Разум – залог здоровья
Если стресс – редуцированный вариант ответа на раздражитель, то что можно считать наиболее адекватным ответом?
– Селье был абсолютно прав, называя стресс неспецифической реакцией. Она важна для выживания, но с точки зрения конкретного индивида далеко не всегда оптимальна. Нужно иметь в виду, что специализированный ответ всегда более эффективен, чем неспецифический. Мы все это знаем на примере иммунитета: есть общая резистентность, а есть специфические антитела, направленные против определенного возбудителя.
Понятно, что неспецифический иммунитет не спасет от тяжелых инфекций. Точно так же и со стрессом – это неспецифический ответ на все случаи жизни. Гораздо более эффективным был бы целенаправленный ответ на конкретный раздражитель.
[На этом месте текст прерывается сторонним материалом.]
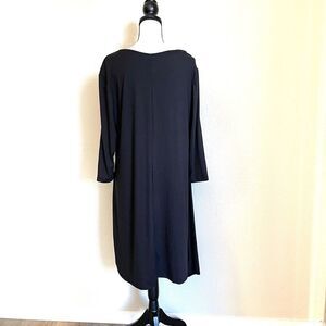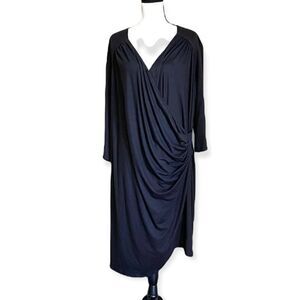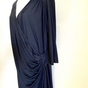 For a professional casual look or an evening out, slip into thisstunning wrap dress from 24/7 Comfort Apparel. With a faux wrappeddesign and breathable 3/4-length sleeves, this dress is perfect forany event during the year on any figure. • Color options: Black • Style: Day to dinner • 3/4-length elbow sleeves • V-neck •Unlined • Pull-over•The approximate length from the top center back to the hem is 40”, pit to pit 27” across, waist 23” across• 92% polyester, 8% spandex • Machine washable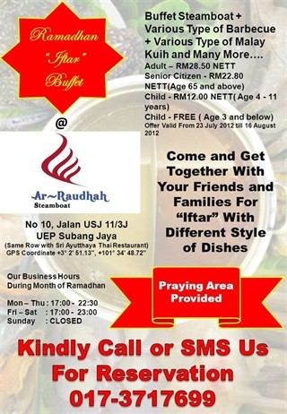 Ok .. dengan ikhlasnya aku senaraikan beberapa lokasi dan promosi buffet Ramadhan untuk tahun ini 2012 bersamaan 1433 Hijrah …Â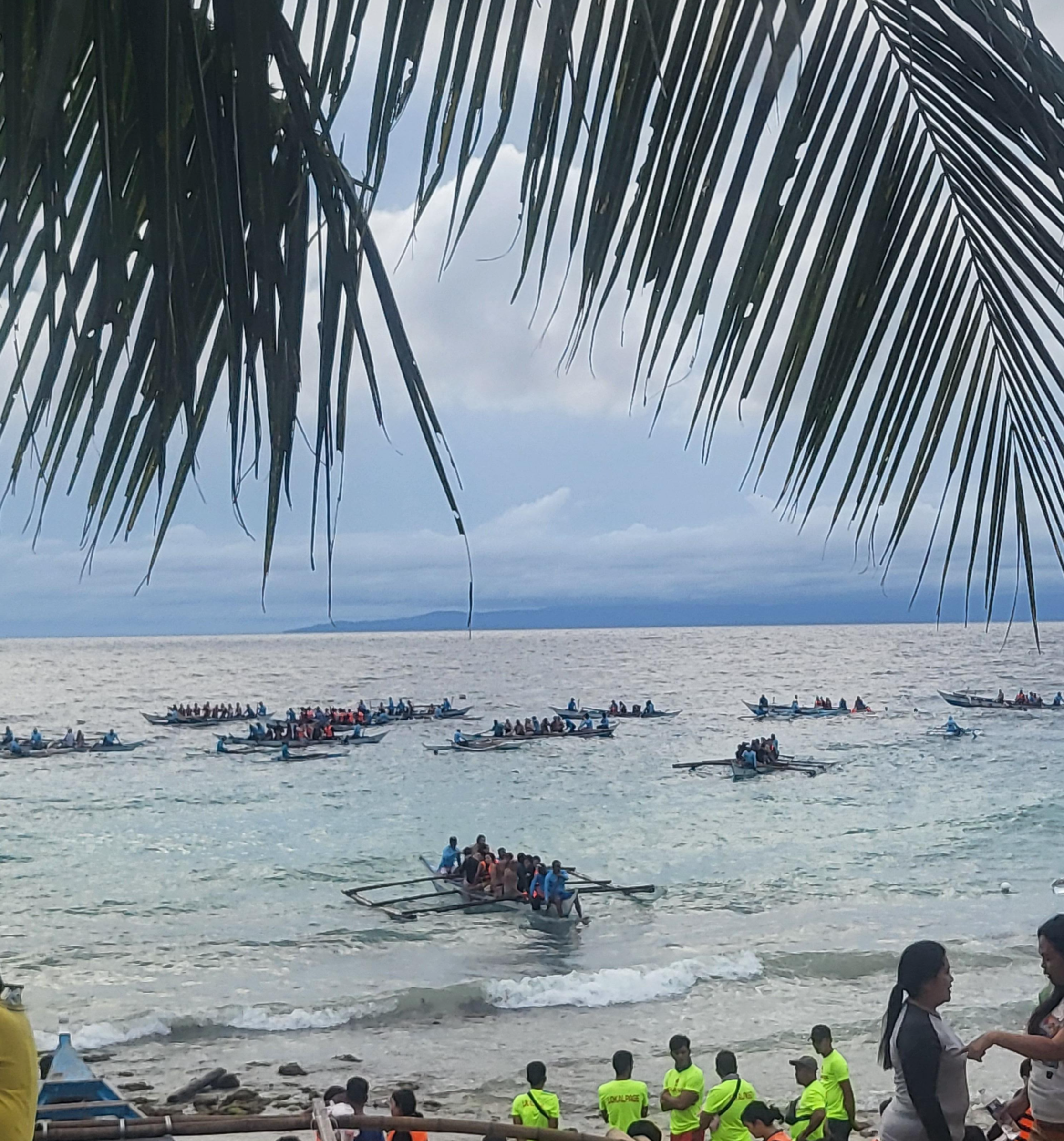 이렇게 가면 이제 고래상어에게 밥주시는 분이 배를 타고 천천히 저희쪽으로 옵니다!! 그럼 저희는 바닷가에 들어가있다가, 고래상어를 마주하면 되는 것이죠!!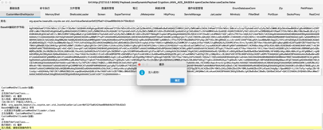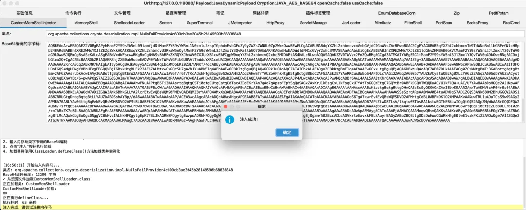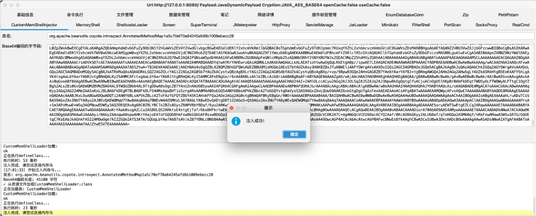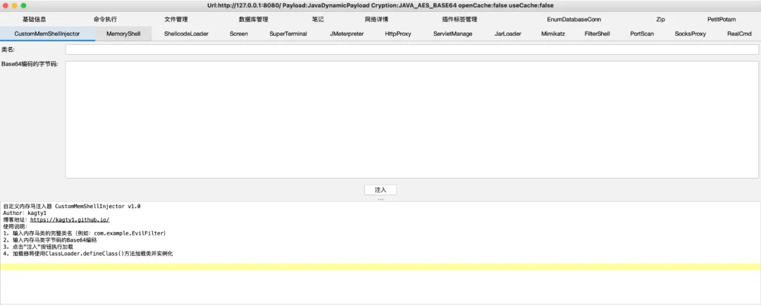 操作方式:在哥斯拉插件中提供一个文本框,用户粘贴 Base64 字符串后点击“注入”,即可完成内存马注入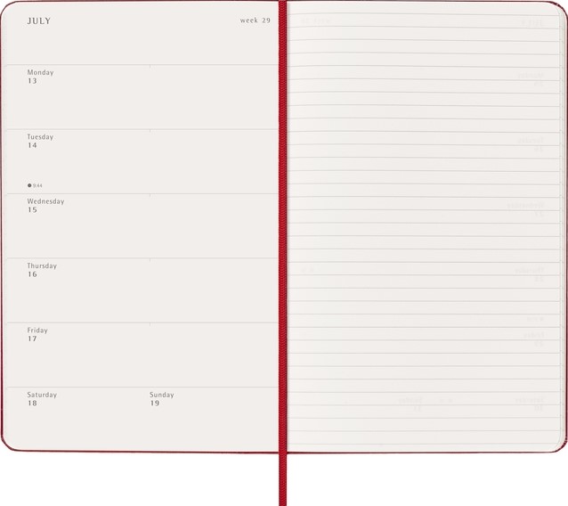 De Moleskine Weekly Notebook Planner is gedateerd van januari tot december. Het is een handige en veelzijdige planner die de vrijheid van een notitieboekje bevat en is ingedeeld met de afspraken van de week aan de linkerkant en een gelinieerde pagina voor notities op de rechter bladzijde. Het notitieboekje is beschikbaar met een harde of een zachte kaft met afgeronde hoeken en een elastische sluiting. - Harde kaft - Afgeronde hoeken - Elastische sluiting - Moleskine ivoorkleurig papier - Papiergewicht: 70 g/m² - Handige tools: planning, tijdzones, internationale metingen, toegangscodes en vluchtduur - Uitbreidbaar binnenvak passend bij de kleur van het notebook - "In geval van verlies" label gedrukt op het schutblad - Bijpassende bladwijzer voor lint - Herbruikbare paperband B-SIDE met extra gedrukte tools - 180° liggende opening - Moleskine srl. creëert en verkoopt FSC-gecertificeerde producten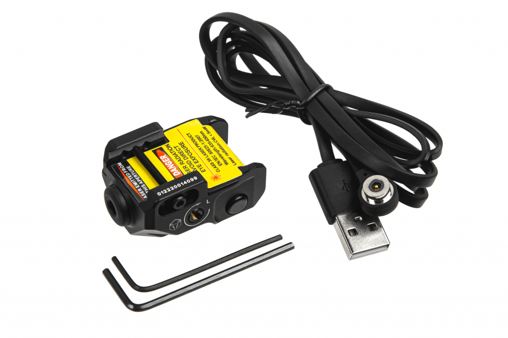 Тактический низкопрофильный компактный регулируемый лазерный прицел, корпус изготовлен из алюминиевого сплава 6061-T6, благодаря чему имеет лёгкий вес: 33 г. Класс IIIa мощностью <5 мВт длина волны 630-650 нМ. Цвет лазерного прицела - красный, имеет кнопку переключателя для включения/выключения питания. Одним из главных преимуществ целеуказателя является мгновенный сенсорный переключатель Smart-Sense для бесшумной и быстрой работы. Встроенная литиевая аккумуляторная батарея, совместимая с зарядным устройством магнитного типа. Имеет индикатор зарядки и заряда батареи для уточнения состояния устройства. Целеуказатель крепится на вивер 21 мм. Комплект содержит пластиковую розничную упаковку, кабель с магнитным проводом, зарядное устройство USB, 2 шестигранных ключа для быстрой горизонтальной и вертикальной регулировки, руководство пользователя.

Если человек знает, как поступить в данной ситуации, она не станет для него стрессогенной.
Говорят, что все болезни от нервов, вернее, от стрессов. Как бороться со стрессом в современном мире, где кризисы следуют один за другим?
– Стресс действительно «раскачивает» жизненно важные системы организма, что ведет к различным заболеваниям. Но бороться надо не со стрессом, а с факторами, которые его вызывают. Ключевое слово для современного человека – «информированность»: чем больше ты знаешь, тем меньше волнуешься. Это видно даже на примере животных. Если одно и то же событие предъявлять животному, то вначале оно вызывает стресс, а затем наступает адаптация, то есть специфическая реакция. Таким образом, через обучение достигается стрессоустойчивость.
Есть ли какие-то психологические приемы, позволяющие снизить негативное воздействие стресса?
– Существуют два основных направления психологической профилактики опасных последствий стресса. Первое связано с тренировкой «толстокожести», то есть умения не реагировать остро на раздражитель. Второе представляется мне наиболее интересным – это так называемый копинг, то есть одоление проблемы.
Большинство людей при возникновении сложной ситуации уходят в эмоции, вместо того чтобы мобилизовать силы, а это непродуктивно. Надо переключить себя с переживаний на конкретное дело и повышать осознанность собственной жизни.